AI art and models, GUIs, animation, prompt engineering, audio-reactivity, iterating, experimenting, rendering, math functions, multi-modality, everything is covered by stable-core and it all chains together. The amazing entourage effect of our components encourages developers implement all their best ideas and models as a stable-core plugin.

under heavy development

🧬 Components

  1. Backend: The server/client architecture means clients implement UIs or bridge other apps like blender nodes, kdenlive clips, effects, etc.
  2. Sessions: your outputs are organized and clustered into sessions. A new timestamped session starts when a client connects, and you can re-open old sessions to do more work in them. Could be a prompt engineering session, an animation, a batch of variants, a history for an outpainting project, etc.
  3. Jobs: Generate/transform some data with input/output.
  4. Plugins: they implement models, packages, techniques, features, handle all installation and cloning in a well-defined manner.
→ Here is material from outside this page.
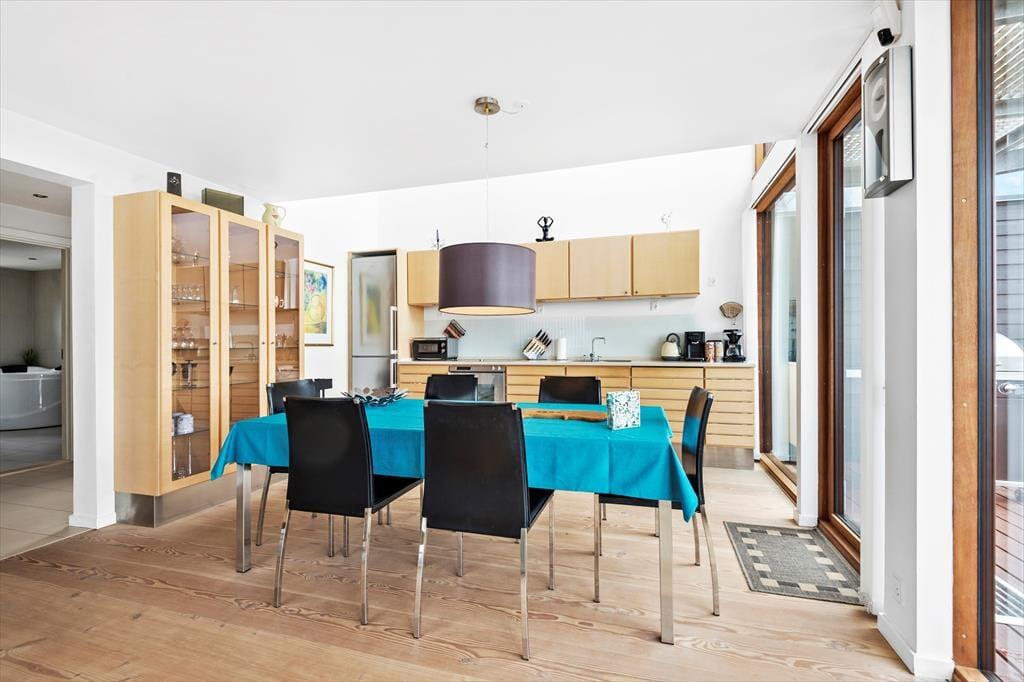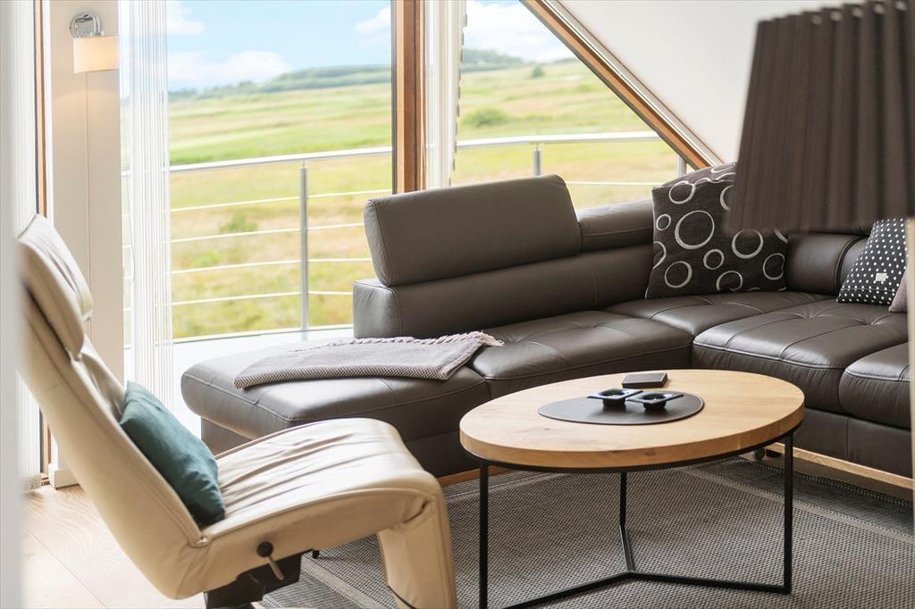 Rummet er ikke bare veludstyret på køkkenfronten, men byder også på et godt musikanlæg samt digital radio, så du kan høre god musik, når du kokkerer. Vil du se en god film, er det i førstesalens stue, det foregår – men det kræver godt nok, at du kan løsrive blikket fra den flotte udsigt over golfbanen og mod Vadehavet.

They plug into the system by providing jobs, which are simply functions. Create a new plugin generated from a template and you can instantly get to work.
  5. Cloud Deploy: transparently switch between local & cloud computing with runpod or vast.ai.

🚀 Installation

NOTE: currently there may be unexpected errors and computers explosion

  1. Download and extract into a directory.
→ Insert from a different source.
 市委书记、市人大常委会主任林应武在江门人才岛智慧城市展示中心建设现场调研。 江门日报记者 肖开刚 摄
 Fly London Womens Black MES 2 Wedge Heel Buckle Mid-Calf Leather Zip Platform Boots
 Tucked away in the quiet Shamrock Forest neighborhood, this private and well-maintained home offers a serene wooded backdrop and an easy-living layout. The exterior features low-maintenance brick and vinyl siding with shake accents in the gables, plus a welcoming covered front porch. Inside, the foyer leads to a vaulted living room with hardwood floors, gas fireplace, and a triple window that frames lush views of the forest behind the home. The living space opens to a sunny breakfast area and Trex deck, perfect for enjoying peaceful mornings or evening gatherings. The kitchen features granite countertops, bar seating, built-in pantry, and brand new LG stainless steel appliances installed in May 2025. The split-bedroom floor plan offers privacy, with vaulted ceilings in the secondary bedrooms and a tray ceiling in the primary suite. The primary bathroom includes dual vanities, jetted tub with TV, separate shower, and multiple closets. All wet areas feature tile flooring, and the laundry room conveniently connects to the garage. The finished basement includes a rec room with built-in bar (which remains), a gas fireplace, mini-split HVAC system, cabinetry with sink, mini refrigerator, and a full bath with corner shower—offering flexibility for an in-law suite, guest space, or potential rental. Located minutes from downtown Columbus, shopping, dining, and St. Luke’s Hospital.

  2. Setup a minimal user_conf.py:

ip = '0.0.0.0'
port = 5000

# Plugins to install
install = ['distable/sd1111_plugin']

# Plugins to load on startup
startup = ['sd1111_plugin']
  1. Launch run.sh (Linux) or run.bat (Windows)
❯ ./run.sh
Python: 3.10.6 (main, Aug  3 2022, 17:39:45) [GCC 12.1.1 20220730]
Revision: <none>

[core] 1. Downloading plugins
Fetching updates for sd1111_plugin...
Checking out commit for sd1111_plugin with hash: /home/nuck/stable-core/src_plugins...
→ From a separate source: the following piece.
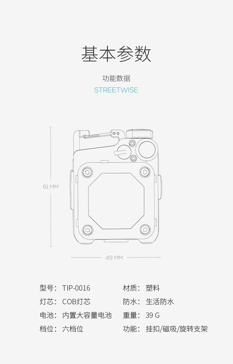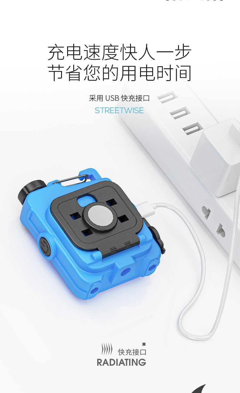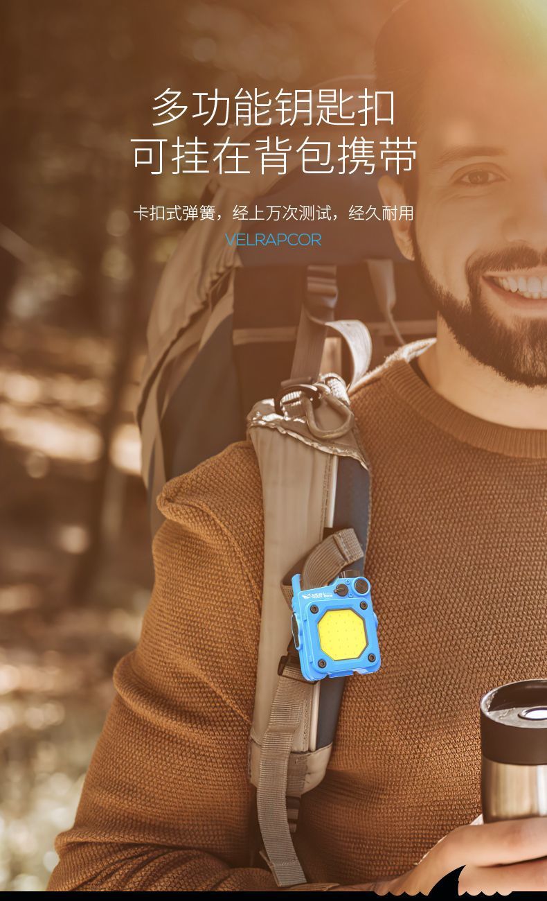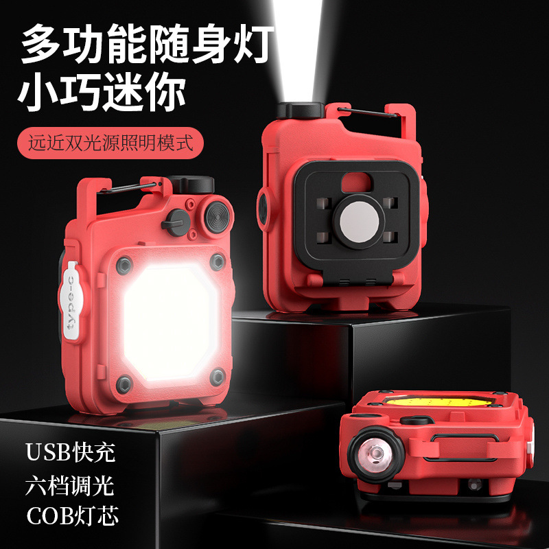 户外带磁吸工作灯迷你钥匙扣灯多档调节随身照明COB大泛光手电筒

[core] 2. Initializing plugins
[core] Found 5 jobs:
[core]  - txt2img
[core]  - imagine
[core]  - dream
[core]  - sd1111.img2img
[core]  - sd1111.txt2img

[core] 3. Installing plugins...
[plugin]   - sd1111

[core] 4. Loading plugins...
[plugin]   - sd1111
[core] All ready!
[server] Starting ...
[session] New session: 001_2022-10-29_23-07-55

The server is launched on 127.0.0.0:5000, you may connect with a GUI or use the shell.

🍻 Usage

1. Interactive Shell

An interactive shell is available out of the box, type help to see commands.

> Enter commands here or use a client ...

> txt2img p="Woaaa! Kawaii monster by salvador dali"
p=Woaaa! Kawaii monster by salvador dali
100%|███████████████████████████████████████████████| 22/22 [00:12<00:00,  1.71it/s]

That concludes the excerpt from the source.